* The problem *
For the records below, print the lines from the line with "skysen Self Locking" through the line with "- Add in the" exactly as written; include both end lines and exclude the rest.

[Opening Dataset entries section]

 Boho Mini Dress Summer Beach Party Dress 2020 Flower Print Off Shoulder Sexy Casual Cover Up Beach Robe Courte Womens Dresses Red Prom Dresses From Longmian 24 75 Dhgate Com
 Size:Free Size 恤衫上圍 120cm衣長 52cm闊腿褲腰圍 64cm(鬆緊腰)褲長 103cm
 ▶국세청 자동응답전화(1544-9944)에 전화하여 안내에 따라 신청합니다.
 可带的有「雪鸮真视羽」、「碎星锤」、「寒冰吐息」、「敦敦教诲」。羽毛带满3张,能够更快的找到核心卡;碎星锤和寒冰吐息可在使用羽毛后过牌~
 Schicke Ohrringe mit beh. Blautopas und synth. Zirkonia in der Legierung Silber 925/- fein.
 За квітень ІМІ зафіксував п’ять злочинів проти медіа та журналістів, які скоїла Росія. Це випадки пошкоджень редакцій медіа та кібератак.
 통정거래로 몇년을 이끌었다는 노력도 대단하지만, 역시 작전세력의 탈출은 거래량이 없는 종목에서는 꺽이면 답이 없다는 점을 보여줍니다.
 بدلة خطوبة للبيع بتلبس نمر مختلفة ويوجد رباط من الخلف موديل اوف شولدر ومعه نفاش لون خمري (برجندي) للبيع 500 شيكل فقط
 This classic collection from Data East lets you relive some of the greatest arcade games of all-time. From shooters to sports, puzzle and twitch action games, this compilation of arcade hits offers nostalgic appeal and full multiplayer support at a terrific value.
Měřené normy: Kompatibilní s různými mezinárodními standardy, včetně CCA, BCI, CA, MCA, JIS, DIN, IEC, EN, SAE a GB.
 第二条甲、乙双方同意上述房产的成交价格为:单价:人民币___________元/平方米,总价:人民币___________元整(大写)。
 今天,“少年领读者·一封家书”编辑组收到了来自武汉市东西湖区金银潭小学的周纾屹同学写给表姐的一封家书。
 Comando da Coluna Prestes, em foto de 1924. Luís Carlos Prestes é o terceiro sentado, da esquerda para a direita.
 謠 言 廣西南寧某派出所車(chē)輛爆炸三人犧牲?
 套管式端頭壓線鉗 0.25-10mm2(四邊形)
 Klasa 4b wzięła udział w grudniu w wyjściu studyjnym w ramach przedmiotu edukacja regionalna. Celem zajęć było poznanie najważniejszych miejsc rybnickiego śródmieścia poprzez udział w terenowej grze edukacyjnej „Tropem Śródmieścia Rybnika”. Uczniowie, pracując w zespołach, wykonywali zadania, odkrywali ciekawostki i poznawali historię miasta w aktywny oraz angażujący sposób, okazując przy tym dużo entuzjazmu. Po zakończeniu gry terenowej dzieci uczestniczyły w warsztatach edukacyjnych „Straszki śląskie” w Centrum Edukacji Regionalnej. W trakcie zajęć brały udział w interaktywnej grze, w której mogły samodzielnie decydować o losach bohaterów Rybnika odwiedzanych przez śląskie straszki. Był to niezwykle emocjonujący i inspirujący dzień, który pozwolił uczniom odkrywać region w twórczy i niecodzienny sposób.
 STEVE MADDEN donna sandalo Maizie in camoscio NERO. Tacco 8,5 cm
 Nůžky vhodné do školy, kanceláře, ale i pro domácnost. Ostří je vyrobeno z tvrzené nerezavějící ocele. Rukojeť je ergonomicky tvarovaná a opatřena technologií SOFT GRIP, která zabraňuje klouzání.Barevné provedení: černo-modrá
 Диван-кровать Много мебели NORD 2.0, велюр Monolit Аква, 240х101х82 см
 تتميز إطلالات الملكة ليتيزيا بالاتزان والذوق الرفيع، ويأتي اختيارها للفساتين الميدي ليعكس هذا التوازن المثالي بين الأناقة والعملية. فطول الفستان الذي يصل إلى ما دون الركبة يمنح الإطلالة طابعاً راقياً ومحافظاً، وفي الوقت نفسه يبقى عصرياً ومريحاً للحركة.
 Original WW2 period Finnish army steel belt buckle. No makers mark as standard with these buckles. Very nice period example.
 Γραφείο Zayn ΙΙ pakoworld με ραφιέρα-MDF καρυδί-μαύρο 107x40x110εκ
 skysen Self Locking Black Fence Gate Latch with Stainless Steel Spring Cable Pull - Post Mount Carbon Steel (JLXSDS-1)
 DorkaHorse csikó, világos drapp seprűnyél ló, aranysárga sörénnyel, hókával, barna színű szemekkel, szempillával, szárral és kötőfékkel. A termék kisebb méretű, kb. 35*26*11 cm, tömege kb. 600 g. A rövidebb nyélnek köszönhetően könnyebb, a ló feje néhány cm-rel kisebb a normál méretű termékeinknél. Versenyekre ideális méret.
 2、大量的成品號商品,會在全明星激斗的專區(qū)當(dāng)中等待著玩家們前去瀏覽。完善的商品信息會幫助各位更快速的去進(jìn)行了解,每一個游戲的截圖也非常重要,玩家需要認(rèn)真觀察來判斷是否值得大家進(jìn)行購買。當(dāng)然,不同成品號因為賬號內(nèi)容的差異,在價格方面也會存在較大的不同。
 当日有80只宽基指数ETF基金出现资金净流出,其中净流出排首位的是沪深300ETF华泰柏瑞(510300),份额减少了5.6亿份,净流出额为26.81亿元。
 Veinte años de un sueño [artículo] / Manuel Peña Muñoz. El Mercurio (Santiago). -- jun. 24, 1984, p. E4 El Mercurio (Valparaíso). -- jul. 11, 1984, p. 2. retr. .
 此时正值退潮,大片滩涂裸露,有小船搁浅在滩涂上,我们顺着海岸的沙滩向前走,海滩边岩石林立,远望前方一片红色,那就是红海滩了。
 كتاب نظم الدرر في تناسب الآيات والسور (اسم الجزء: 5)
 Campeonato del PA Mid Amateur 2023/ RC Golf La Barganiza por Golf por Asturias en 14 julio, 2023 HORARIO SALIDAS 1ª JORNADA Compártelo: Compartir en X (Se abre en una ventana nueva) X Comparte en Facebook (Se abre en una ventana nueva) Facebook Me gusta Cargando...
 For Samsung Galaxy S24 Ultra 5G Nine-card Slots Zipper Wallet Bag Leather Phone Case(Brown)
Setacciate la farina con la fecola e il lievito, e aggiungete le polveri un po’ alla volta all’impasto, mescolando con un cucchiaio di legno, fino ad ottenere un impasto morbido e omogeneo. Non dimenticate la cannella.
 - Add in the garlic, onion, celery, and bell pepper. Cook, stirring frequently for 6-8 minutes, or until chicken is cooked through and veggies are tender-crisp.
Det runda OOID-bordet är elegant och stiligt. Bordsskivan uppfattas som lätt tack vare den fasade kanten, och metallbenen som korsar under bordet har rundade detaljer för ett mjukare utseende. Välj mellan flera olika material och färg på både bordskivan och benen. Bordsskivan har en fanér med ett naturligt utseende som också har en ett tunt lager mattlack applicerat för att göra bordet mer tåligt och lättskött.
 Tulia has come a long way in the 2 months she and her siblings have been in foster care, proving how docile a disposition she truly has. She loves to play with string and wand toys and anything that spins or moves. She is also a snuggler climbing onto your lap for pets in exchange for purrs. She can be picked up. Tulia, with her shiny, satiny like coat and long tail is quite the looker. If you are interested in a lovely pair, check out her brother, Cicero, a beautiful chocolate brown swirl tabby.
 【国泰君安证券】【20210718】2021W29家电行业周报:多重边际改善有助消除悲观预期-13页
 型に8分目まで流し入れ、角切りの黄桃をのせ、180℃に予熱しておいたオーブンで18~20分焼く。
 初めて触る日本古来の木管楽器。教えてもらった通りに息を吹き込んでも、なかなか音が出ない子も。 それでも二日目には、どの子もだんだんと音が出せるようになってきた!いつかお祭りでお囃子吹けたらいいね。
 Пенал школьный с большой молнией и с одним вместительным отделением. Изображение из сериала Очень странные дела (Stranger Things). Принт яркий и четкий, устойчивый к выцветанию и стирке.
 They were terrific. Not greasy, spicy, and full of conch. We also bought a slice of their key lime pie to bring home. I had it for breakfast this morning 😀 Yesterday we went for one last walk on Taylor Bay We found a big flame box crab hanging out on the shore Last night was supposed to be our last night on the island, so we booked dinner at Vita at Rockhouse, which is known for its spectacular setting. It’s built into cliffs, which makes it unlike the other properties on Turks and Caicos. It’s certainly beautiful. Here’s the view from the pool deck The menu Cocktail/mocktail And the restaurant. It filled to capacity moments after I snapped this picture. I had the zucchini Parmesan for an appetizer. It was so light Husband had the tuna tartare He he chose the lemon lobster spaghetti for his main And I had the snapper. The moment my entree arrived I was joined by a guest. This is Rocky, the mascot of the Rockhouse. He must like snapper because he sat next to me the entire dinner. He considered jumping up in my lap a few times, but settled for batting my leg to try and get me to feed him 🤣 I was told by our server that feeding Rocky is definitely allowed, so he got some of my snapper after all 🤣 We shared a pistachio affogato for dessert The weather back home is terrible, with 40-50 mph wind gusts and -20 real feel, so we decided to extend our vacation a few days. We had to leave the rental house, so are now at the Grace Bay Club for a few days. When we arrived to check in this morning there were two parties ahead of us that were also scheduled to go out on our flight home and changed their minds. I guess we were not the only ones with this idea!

[Closing Dataset entries section]

* The answer *
 skysen Self Locking Black Fence Gate Latch with Stainless Steel Spring Cable Pull - Post Mount Carbon Steel (JLXSDS-1)
 DorkaHorse csikó, világos drapp seprűnyél ló, aranysárga sörénnyel, hókával, barna színű szemekkel, szempillával, szárral és kötőfékkel. A termék kisebb méretű, kb. 35*26*11 cm, tömege kb. 600 g. A rövidebb nyélnek köszönhetően könnyebb, a ló feje néhány cm-rel kisebb a normál méretű termékeinknél. Versenyekre ideális méret.
 2、大量的成品號商品,會在全明星激斗的專區(qū)當(dāng)中等待著玩家們前去瀏覽。完善的商品信息會幫助各位更快速的去進(jìn)行了解,每一個游戲的截圖也非常重要,玩家需要認(rèn)真觀察來判斷是否值得大家進(jìn)行購買。當(dāng)然,不同成品號因為賬號內(nèi)容的差異,在價格方面也會存在較大的不同。
 当日有80只宽基指数ETF基金出现资金净流出,其中净流出排首位的是沪深300ETF华泰柏瑞(510300),份额减少了5.6亿份,净流出额为26.81亿元。
 Veinte años de un sueño [artículo] / Manuel Peña Muñoz. El Mercurio (Santiago). -- jun. 24, 1984, p. E4 El Mercurio (Valparaíso). -- jul. 11, 1984, p. 2. retr. .
 此时正值退潮,大片滩涂裸露,有小船搁浅在滩涂上,我们顺着海岸的沙滩向前走,海滩边岩石林立,远望前方一片红色,那就是红海滩了。
 كتاب نظم الدرر في تناسب الآيات والسور (اسم الجزء: 5)
 Campeonato del PA Mid Amateur 2023/ RC Golf La Barganiza por Golf por Asturias en 14 julio, 2023 HORARIO SALIDAS 1ª JORNADA Compártelo: Compartir en X (Se abre en una ventana nueva) X Comparte en Facebook (Se abre en una ventana nueva) Facebook Me gusta Cargando...
 For Samsung Galaxy S24 Ultra 5G Nine-card Slots Zipper Wallet Bag Leather Phone Case(Brown)
Setacciate la farina con la fecola e il lievito, e aggiungete le polveri un po’ alla volta all’impasto, mescolando con un cucchiaio di legno, fino ad ottenere un impasto morbido e omogeneo. Non dimenticate la cannella.
 - Add in the garlic, onion, celery, and bell pepper. Cook, stirring frequently for 6-8 minutes, or until chicken is cooked through and veggies are tender-crisp.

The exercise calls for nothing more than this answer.